Three different approaches were applied for data collection and analysis. Analysis of these techniques yield comparable results with top 5 skills oriented towards `Big Data, Statistics, R, Machine Learning, and Python. Big Data skills were emphasized in Press and TDM, while Machine Learning ranked top in Twitter Collection method. These results of the current analysis should not minimize the importance some data science skills over others. The importance of data science skills likely varies by the requirements of the project. Skills can not be important unless they are required by the job parameters.

There is a dizzying array of buzzwords and skillsets linked to data science; it can be hard to know which ones to pursue, and which to dismiss. Our findings suggest that a few core disciplines underlie the field, and great facility with them is essential. These fields are, broadly, mathematics and computer science. Certain sub-fields within them, like statistics and machine learning, may deserve special study.

These subjects should be mastered in concert with the tools of the trade - these currently include R, Python, SQL and other tools. A mathematician without a command of a modern computer language will find it difficult to do data science work. And one should be careful to note that these tools are apt to change, that they are simply the latest incarnation of the methods of data science.

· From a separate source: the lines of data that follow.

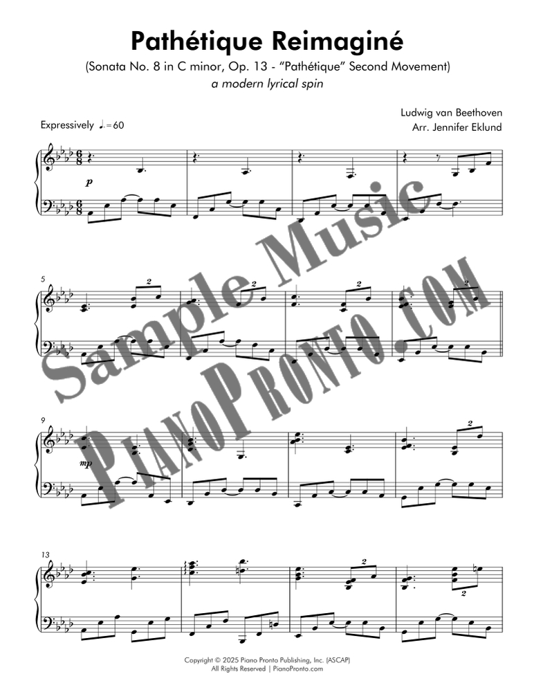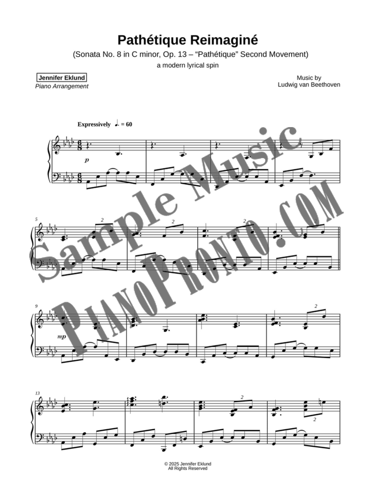 Pathétique Reimaginé, is a modern lyrical spin on the second movement of Beethoven's Piano Sonata No. 8 in C minor, Op. 13. This arrangement by Jennifer Eklund is ideal for late intermediates and up.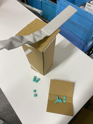 A テトラポットを積んだときのテトラポット間の面積を測ろうとしています。初めは水で測ろうとしていたのですが、3Dプリンターで作ったテトラポットは水に浮いてしまうのと、材質的に水を吸収する可能性が考えられるため、水ではなく砂で測ってみようと考えました。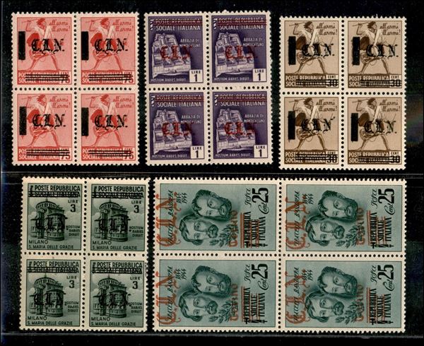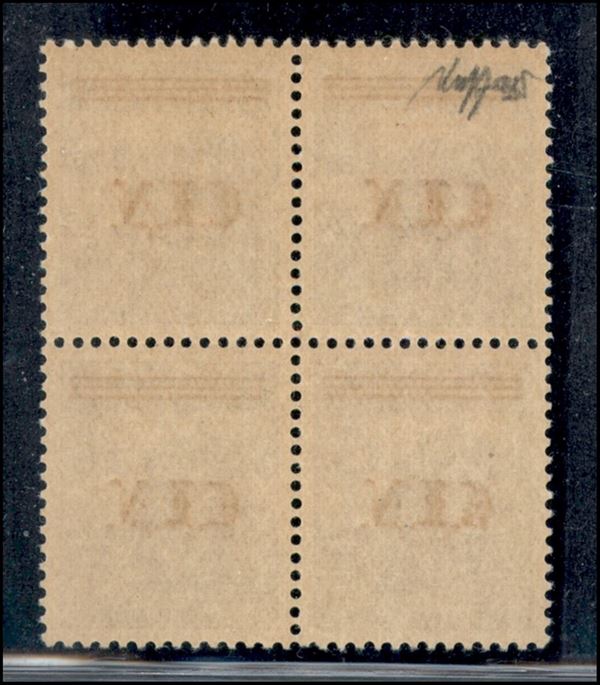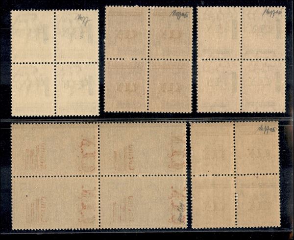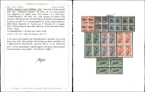 1945 - Monumenti Distrutti + Bandiera (10/17) - 9 valori in quartine - gomma integra - cert Caffaz

Lastly, one must have the personal qualities to make full use of these tools and subjects. You must be able to write clearly, and to express your findings in intuitive visual aides; you must have a penchant for learning new things in strange domains while keeping a close eye on your work.

And from a business perspective, data science is essential to turning data into insight. But, it can be hard to find experts with all the necessary talents - they may need to be groomed from within; if one is found, they must be kept engaged, and have the autonomy to design their own solutions, to turn data into prosperity, and transform the fate of a firm.

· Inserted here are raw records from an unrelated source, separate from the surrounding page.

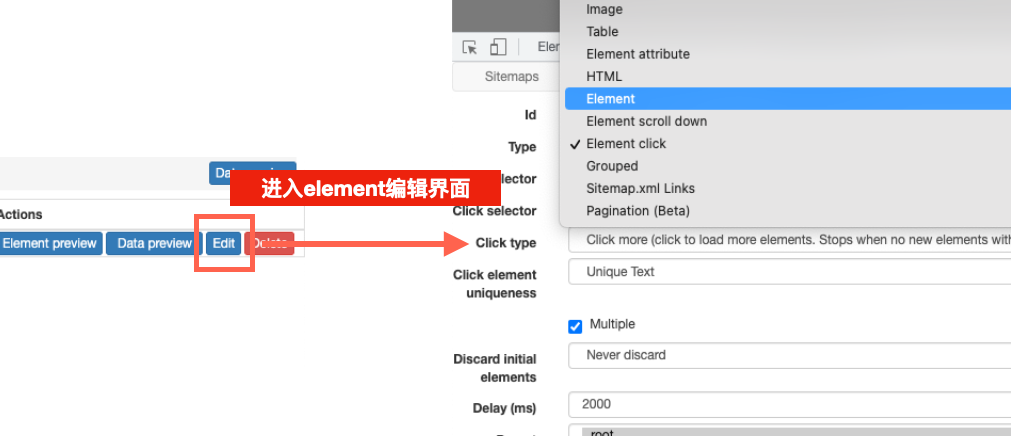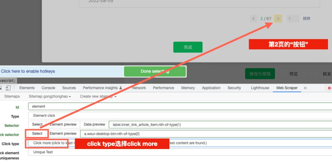 当我们选择element click当中的click标签时,是希望选中“下一页”这个按钮,以便它帮我们不停翻页,直到最后一页。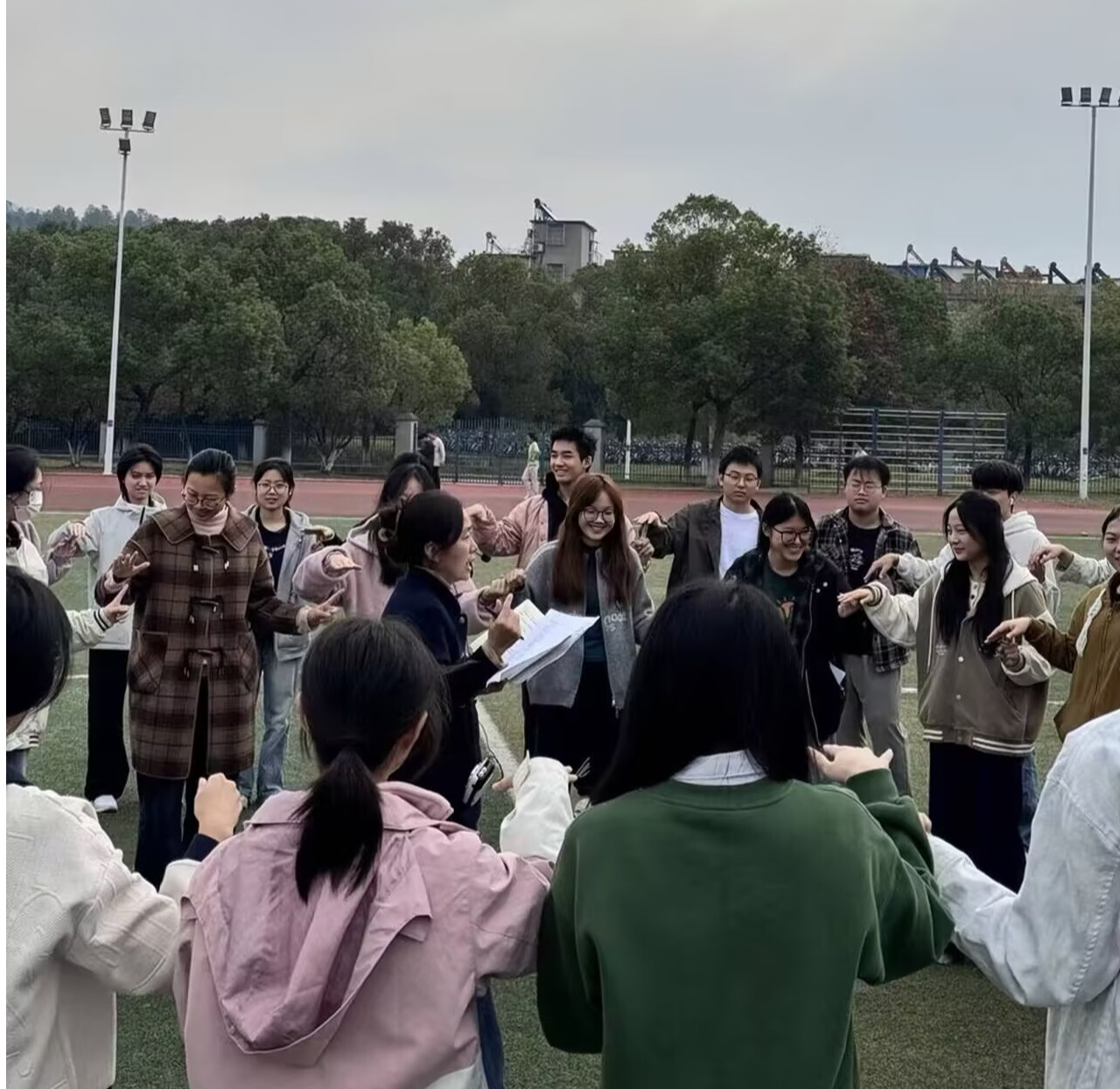 11月4日,数学与应用数学2024级1、2班辅导员滕秀花老师带领全体同学在东门操场开展“携手同行 共筑未来梦”班级心理团建活动。活动由“抓住幸福 放掉烦恼”破冰游戏、名字接龙、我的五样、关注当下四个部分组成,把关于“生命价值”的探讨巧妙地融入到班级团建游戏当中,进一步加强了大学生心理健康教育,引导学生树立正确的生命价值观,培养积极乐观的人生态度。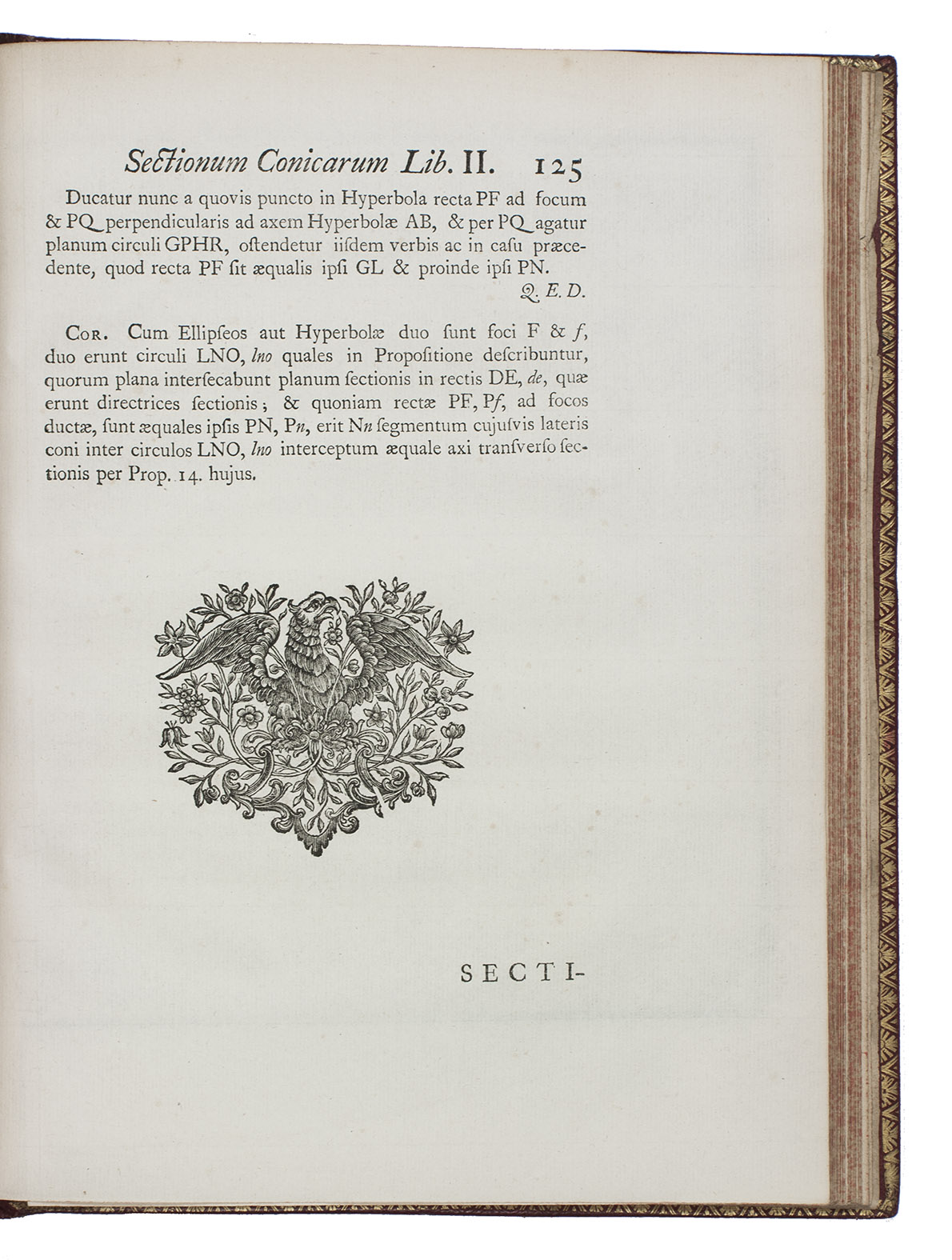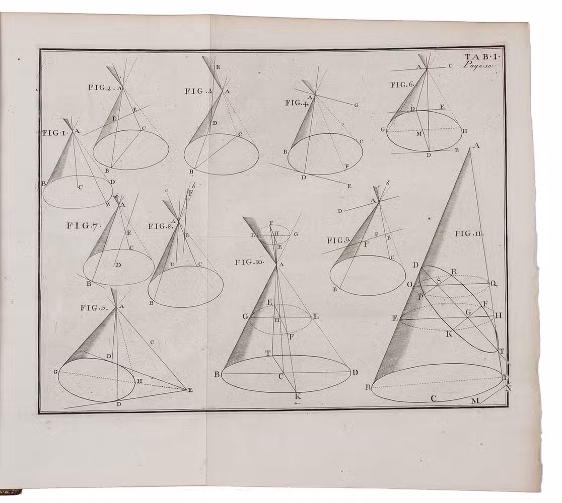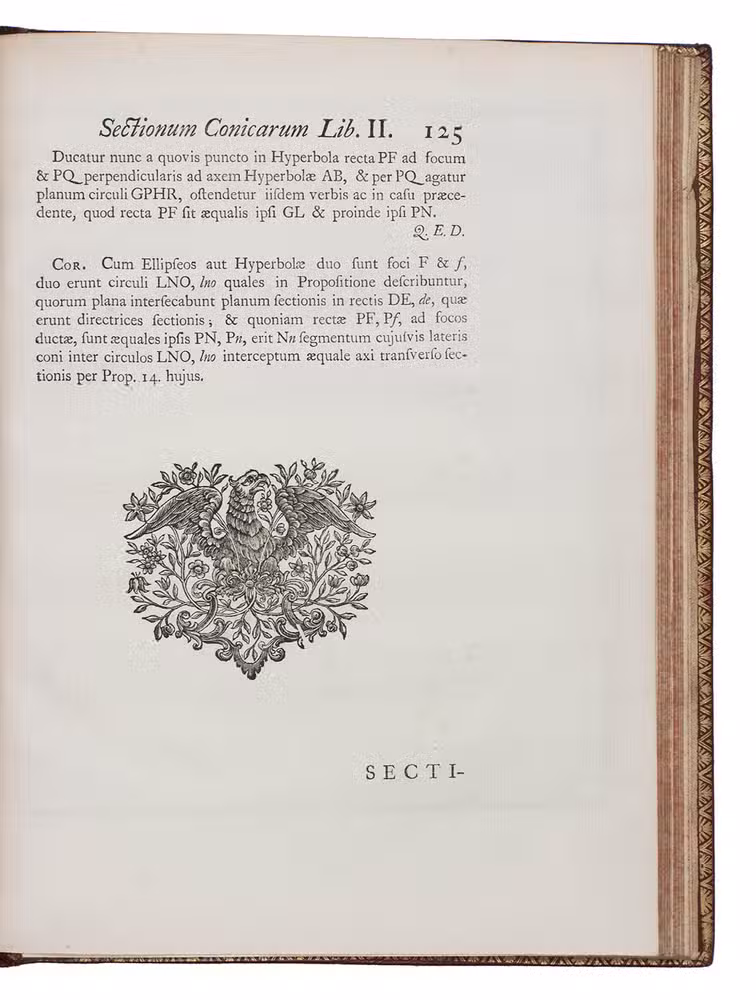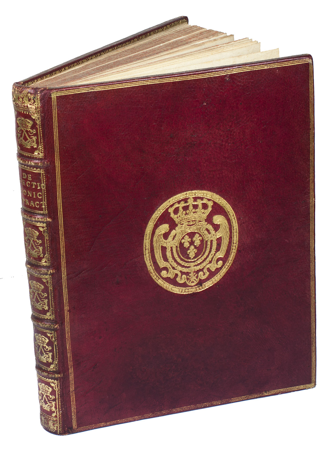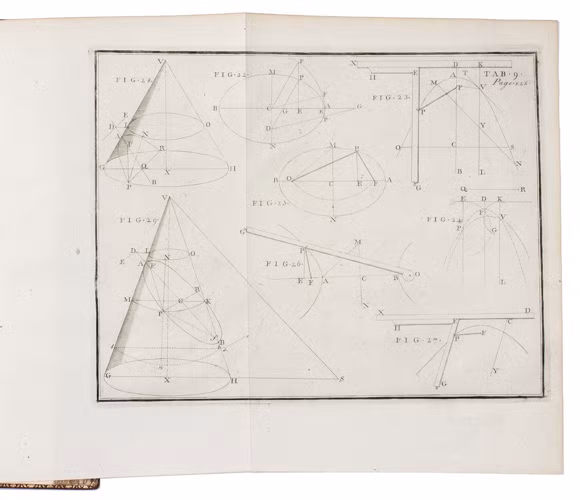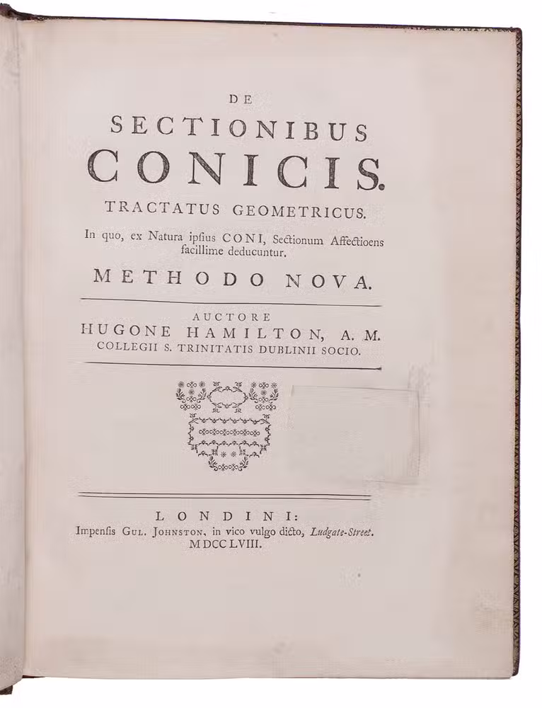 Splendid copy in contemporary red morocco, bound for the French King Louis XV, containing the first edition of a geometrical treatise on a new method of drawing and projecting conic sections (circles, ellipses, parabolas, hyperbolas). Hugh Hamilton (1729-1805), was a descendant of a Hugh Hamilton who settled in Ireland in the time of James I. He studied at Trinity College in Dublin, was appointed Erasmus Smith's professor of natural history in the University of Dublin in 1759, and was elected a fellow of the Royal Academy and member of the Irish Royal Academy. He later fulfilled several posts as vicar and dean and in 1799 he became bishop of Ossory. Hamilton published several learned treatises, of which the present was the most valued, as it contained several new theorems. The new analytical system of conic sections and the drawing of their projections is mainly taught by means of propositions and problems, all clearly illustrated on the large engraved plates. The present first edition was published simultaneously in both Dublin and in London. Although the book was reprinted several times it seems to be very rare today.

Further Reading: A Salary Survey

O’Reilly Media published a salary survey that sought to determine what skills are in demand by data scientists. Commendably, the study uses regression analysis to qualify the importance of various attributes, from geography to education to prowess with specific tools. It has an interesting comparison of salaries based on what sorts of tasks data scientists do, from extract, transform and load (ETL) work to meetings and exploratory data analysis.

The O’Reilly survey gives insight into the different career trajectories available to data scientists, as well as recent changes in the popularity of various tools of the trade. While our results seem more pointed at the fundamentals of the field, the repeated annual surveys of O’Reilly Media allow them to uncover temporal trends in the data science field.